OUTER SPACE | 2055
It took the unexpected grazing of the upper atmosphere in 1972 for astronomers to really pay attention to Comet Doherty-Humphrey. Astrophysicists agreed that the body had most likely come from a neighboring galaxy sixty-three light years away, having been knocked out of its orbit around a young star named Beta Pictoris by a collision with another exocomet.
Looking back at recorded sightings, Doh-Hum, as it began to be called, showed up out of nowhere in the late 19th century and had visited Earth eighty-three years later, getting startlingly close.
Officials attempted to soothe the world’s population after the last pass by postulating that the influence of Earth’s gravity during the Near Miss—as the world’s media soberly branded the event—would have had the effect of changing the trajectory of the giant ball of rock and ice. It did.
It was later projected—with enough degree of certainty to create Major’s mission out of whole cloth—that the next cycle would bring the visitor into direct contact with Earth somewhere near the independent Pacific Ocean nation of Hawai‘i.

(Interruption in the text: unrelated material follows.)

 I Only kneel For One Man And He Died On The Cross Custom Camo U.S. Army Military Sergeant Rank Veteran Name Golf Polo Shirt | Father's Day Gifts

Desperate cries from a frightened populace called for the reactivation of the world’s mothballed nuclear weapons in order to try to blow the massive frozen form out of the way of the planet. Cooler heads finally prevailed as the idea of the arrival of thousands of smaller—and probably now radioactive—pieces raining down through the atmosphere didn’t make anyone sleep any better at night; that is, if the aging bombs worked at all. That wasn’t to say that world powers were not holding that plan in reserve in case Major’s mission failed.

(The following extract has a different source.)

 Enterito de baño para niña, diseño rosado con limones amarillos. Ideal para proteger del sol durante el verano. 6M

The captain himself had to admit that he had his doubts. The plan was to meet the world-killing frozen chunk of water, rock, and gas out beyond the orbit of Mars. Once there, the ship would get in step and basically unfurl a giant polyester bag around the comet and bombard it with gases in order to begin breaking it down into its elemental components. The hydrogen released by the comet would then be collected, stored, and used to get the crew back home once the mass was sufficiently mitigated.
If there was one thing that nagged at Major’s mind and kept him up at night, it was the uncertainty of what the crew would find once they started melting and processing the comet. It could simply be the frozen afterbirth of a young galaxy—but what if it was something else entirely?